Question

What is the square root of 3 times the square root of 3?

Answer 1

Hint: First of all we will write the required mathematical expression of the given sentence. Now, we will write the square root expression in exponential form. In the next step we are going to use the formula of exponents given as ${{a}^{m}}\times {{a}^{n}}={{a}^{m+n}}$ and simplify the exponent to get the answer.

Complete step by step answer:
Here we have been asked to find the value of the expression which will be formed with the given sentence ‘the square root of 3 times the square root of 3’. Here we will be required to use the basic formulas of the topic ‘exponents and powers’. Let us assume the expression that we will form as ‘E’.
Now, according to the sentence given in the question we have to take two numbers and both of them will be square of 3 and we need to multiply them because the term ‘times’ means product.
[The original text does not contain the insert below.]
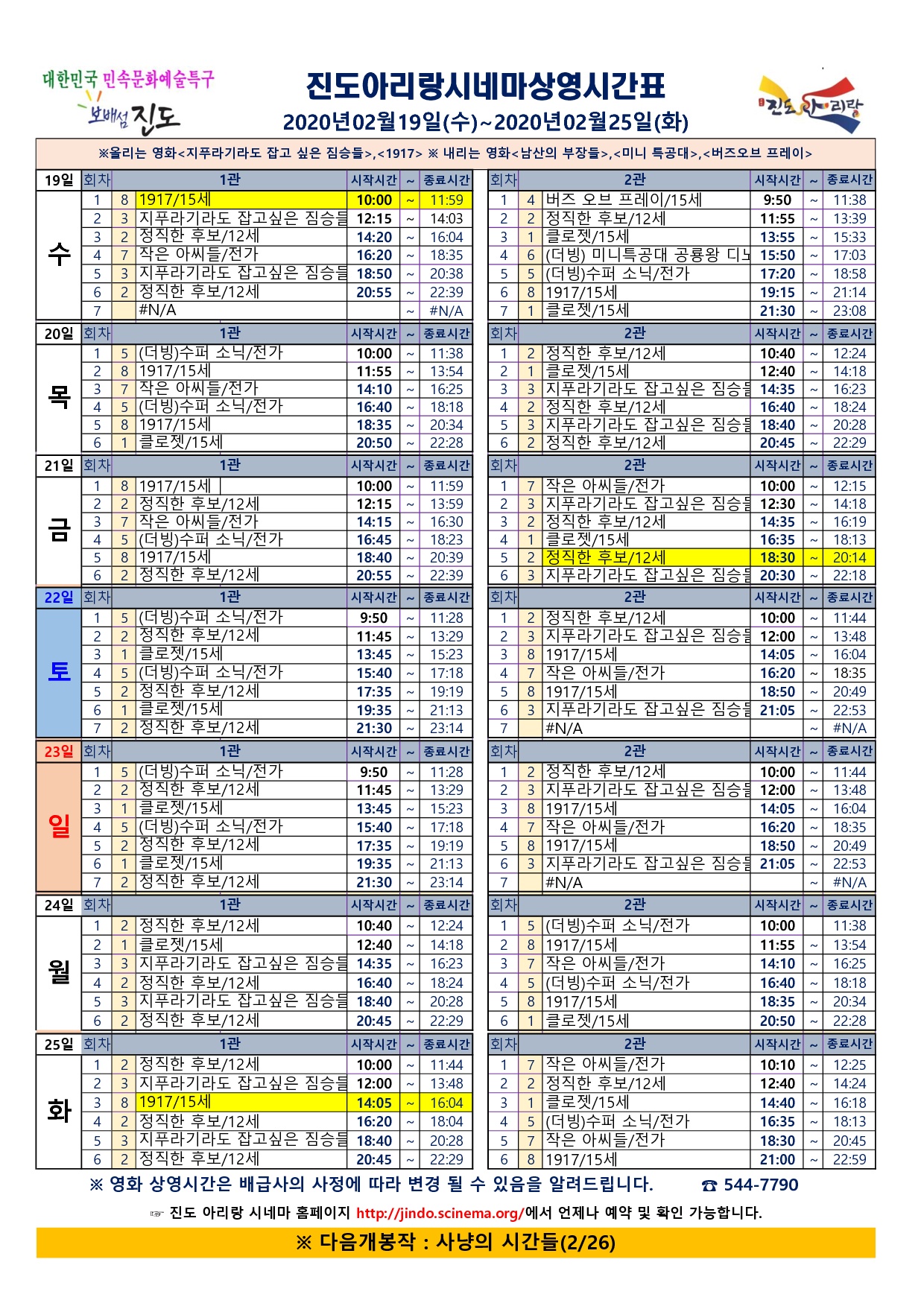 2020.02.19~02.25 상영시간표 안내드립니다.

Therefore, the mathematical expression will be given as:
$\Rightarrow E=\sqrt{3}\times \sqrt{3}$
The above expression is in the radical form. Let us change it into the exponential form. We know that the term ‘square root’ means exponent equal to half $\left( \dfrac{1}{2} \right)$, so we have,
$\Rightarrow E={{3}^{\dfrac{1}{2}}}\times {{3}^{\dfrac{1}{2}}}$
Using the formula of exponents ${{a}^{m}}\times {{a}^{n}}={{a}^{m+n}}$ we get,
$\begin{align}
  & \Rightarrow E={{3}^{\dfrac{1}{2}+\dfrac{1}{2}}} \\
 & \Rightarrow E={{3}^{1}} \\
 & \therefore E=3 \\
\end{align}$

Hence the simplified value of the given expression is 3.
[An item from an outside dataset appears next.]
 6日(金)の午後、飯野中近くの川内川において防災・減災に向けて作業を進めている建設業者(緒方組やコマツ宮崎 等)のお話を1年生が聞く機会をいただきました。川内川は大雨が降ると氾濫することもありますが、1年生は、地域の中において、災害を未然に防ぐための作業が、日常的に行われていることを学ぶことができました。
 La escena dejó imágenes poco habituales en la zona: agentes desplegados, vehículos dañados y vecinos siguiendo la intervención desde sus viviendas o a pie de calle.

Note: Here you can also write the given obtained expression as \[{{\left( \sqrt{3} \right)}^{2}}\] and then use the formula ${{\left( {{a}^{m}} \right)}^{n}}={{a}^{m\times n}}$ to simplify. You must remember all the formulas of exponents like: - \[{{x}^{m}}\times {{x}^{n}}={{x}^{m+n}}\], \[{{x}^{m}}\div {{x}^{n}}={{x}^{m-n}}\], \[{{\left( {{x}^{m}} \right)}^{n}}={{x}^{m\times n}}\], \[{{x}^{-m}}=\dfrac{1}{{{x}^{m}}}\] etc, as they are used in certain other topics of mathematics. Now, if the bases are different and exponent is the same then we can apply these formulas: ${{a}^{m}}\times {{b}^{m}}={{\left( a\times b \right)}^{m}},{{a}^{m}}\div {{b}^{m}}={{\left( a\div b \right)}^{m}}$ to simplify. In the above question do not try to find the decimal form of $\sqrt{3}$ first and then multiply because it is an irrational number whose decimal form will be non – repeating and non – terminating.